NEW YORK — New York has gone to the dogs, but the rabbits and rhinos aren’t far behind in their assault.
With little fanfare, Gillie and Marc Schattner, married Australian artists, have marshaled their brash bronze menagerie up and down Avenue of the Americas from Greenwich Village to Rockefeller Center, along Astor Place and over to Downtown Brooklyn. Their anthropomorphic statues — genteel Weimaraners, ladylike hares and gymnastic wildlife — are leaving behind indelible paw prints in the duo’s covert conquest of New York sidewalks. And in the process, the Schattners have become the most prolific creators of public art in the city’s history, to the dismay of leading art historians.
“Nothing we’ve done has ever really been planned,” Marc Schattner, 57, said during a December Skype call from their studio in Sydney.

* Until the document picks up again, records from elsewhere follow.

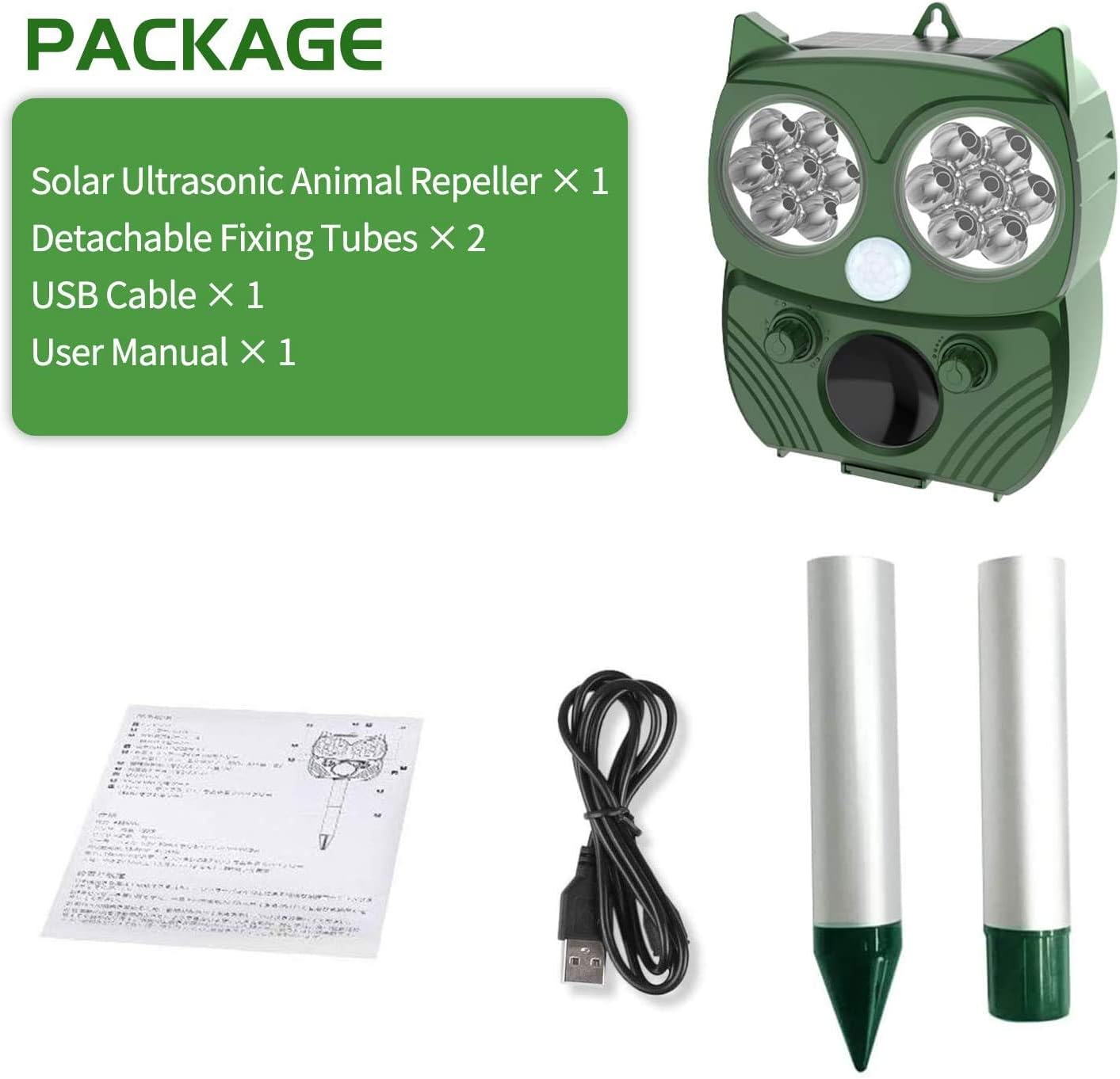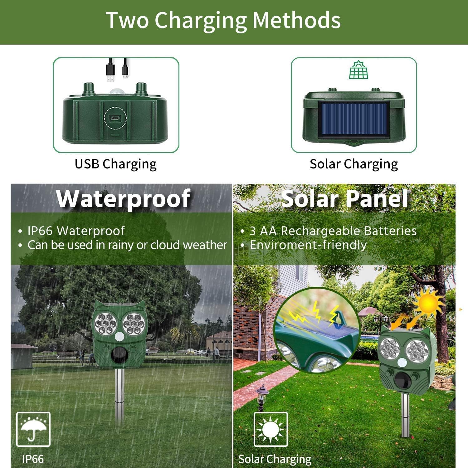 دور کننده حیوانات -- دفع کننده حیوانات اولتراسونیک، دارای سنسور PIR ضد آب و انرژی خورشیدی برای فضای باز، دارای قابلیت فعال شدن با حرکت و نور و صدای چشمک زن LED، به طور موثری گربه، سگ، روباه و پرندگان را فراری میدهد.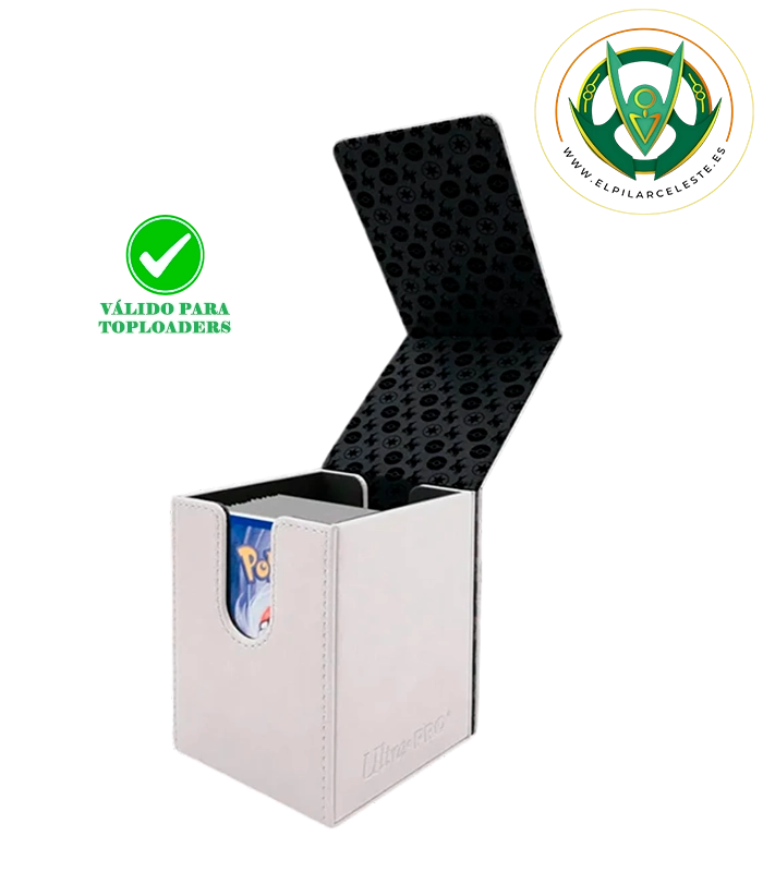La caja tiene capacidad para hasta 100 cartas tamaño estándar con doble funda Ultra PRO Deck Protector®, ofreciendo máxima protección tanto para jugadores competitivos como para coleccionistas.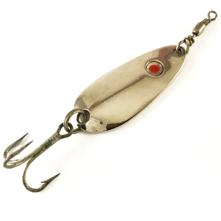 El niquelado proporciona un acabado clásico de alto brillo a esta cucharilla de 3,5 cm (1 1/2"), que sigue siendo una de las favoritas de los coleccionistas de la historia de la pesca de la costa oeste. En la parte posterior cóncava, el nombre 'Les Davis Hotrod' está claramente grabado junto a una marca de 1/6 oz, a pesar de que el peso estándar de catálogo para este código de producto 3605 es de 3/16 oz (5 g). Un punto rojo centrado en la cara frontal pulida cerca del enganche ofrece un estímulo visual simple pero eficaz contra el cuerpo metálico. Este ejemplar fabricado en EE. UU. está en un estado 5/5, con una superficie brillante y un quita vueltas con ligadura de alambre perfectamente intacto. El anzuelo triple original está unido mediante una robusta anilla abierta y no muestra signos de uso ni de paso del tiempo, lo que refleja su excelente estado de conservación desde antes de que la marca pasara a manos de Luhr Jensen.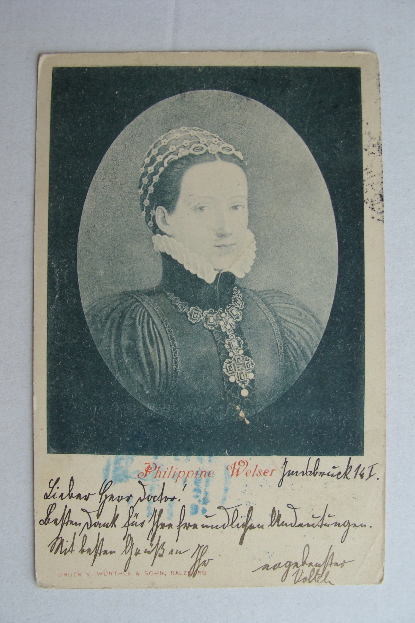 Старая оригинальная довоенная открытка. Оригинал. Выведен из обращения. Филиппинина Вельзер /1527 – 1580/. Графиня де Бургау, Ландгравина де Нелленбург и графиня Верхний и Нижний Гогенберг, герцогиня Циннебургская с 25 июля 1564 по 13 апреля 1580 года, герцогиня цу Амбрас унд Гогенберг с 1578 по 13 апреля 1580 года. В январе 1557 года она тайно вышла замуж за эрцгерцога Фердинанда. II Габсбург, граф Тирольский, губернатор Богемии, кандидат на польскую корону. Датировка: довоенная открытка. Состояние: на мой взгляд: хорошее, потертости углов, грязь, все видно на сканах. Смело совершайте покупки.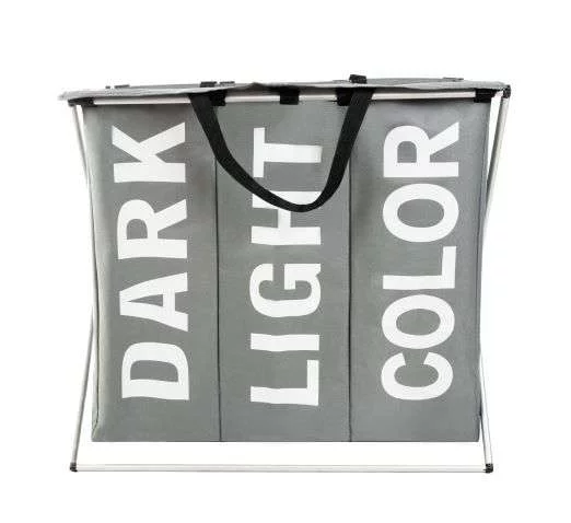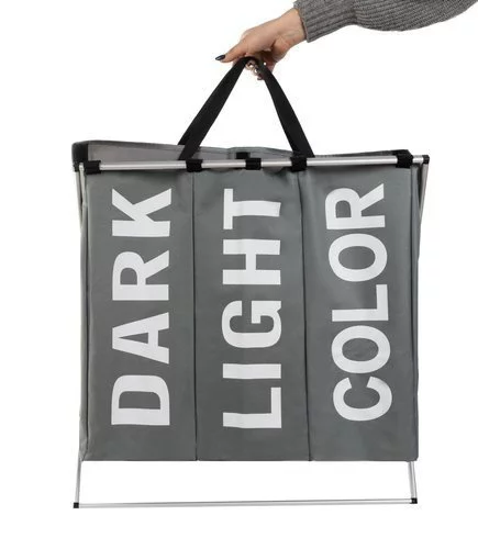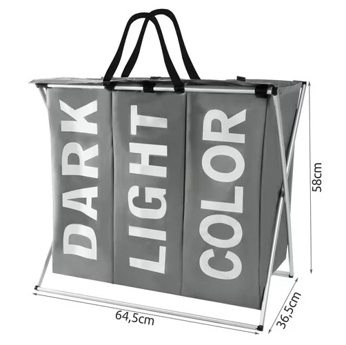 Przestronny i praktyczny kosz na pranie ułatwi Ci segregację brudnych ubrań od samego początku. Dzięki trzem oddzielnym przegrodom możesz oddzielić ciemne, jasne i kolorowe pranie oraz zaangażować innych członków rodziny. Wodoodporne wnętrze chroni zewnętrzną część kosza przed zabrudzeniem, a solidna rama zapewnia stabilność. Dzięki nowoczesnej białoszarej kombinacji stylowo wpasuje się w każde wnętrze.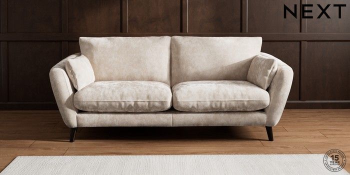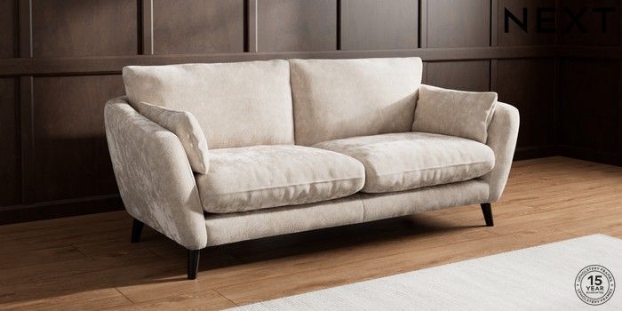 6.12.1 Buy Orlo Relaxed Sit 3 Seater Sofa Distressed Velour Mid Natural Retro Tapered - Dark from the Next UK online shop Click here to use our accessible website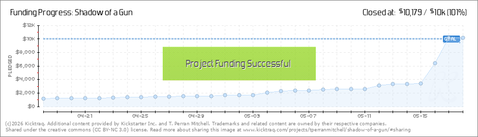 New Add-on reward! It's a signed copy of the script. For an extra $10 you can get a signed copy of the script to Shadow of a Gun. The script will be printed on premium heavy weight paper and then sign and number by me, T. Perran Mitchell. I’m only... (Read More)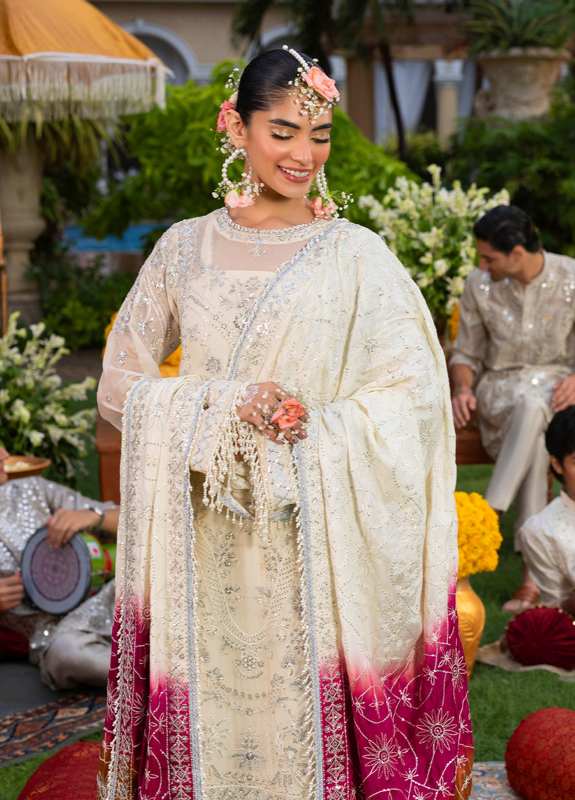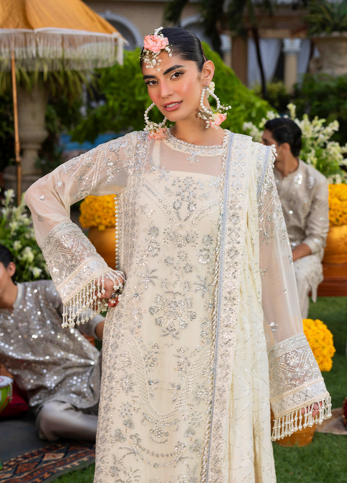 Sequins Embroidered Sleeves Border on Organza

Improvisation is a running theme for the couple, who first met on a shoot in Hong Kong (Gillie was the model and Marc the creative director) before eloping to the foothills of Mount Everest for a Hindu marriage just seven days later, jilting their respective fiancés.
Still, it’s a modest explanation for a pair who have received eight public art commissions on the streets since 2016 — an unprecedented pace for a city whose cultural programs come wrapped in streams of bureaucratic red tape. (It took Christo and Jeanne-Claude, by comparison, 30 years of efforts to win approval for “The Gates” in Central Park.) And in August, Gillie and Marc, as they are known, plan to unveil their most ambitious project yet, at Rockefeller Plaza: 10 “Statues for Equality” will depict powerful women, including Beyoncé and Angelina Jolie. The Schattners said that their project intends to highlight the gender gap in the city’s public statues, of which only 3 percent are of women.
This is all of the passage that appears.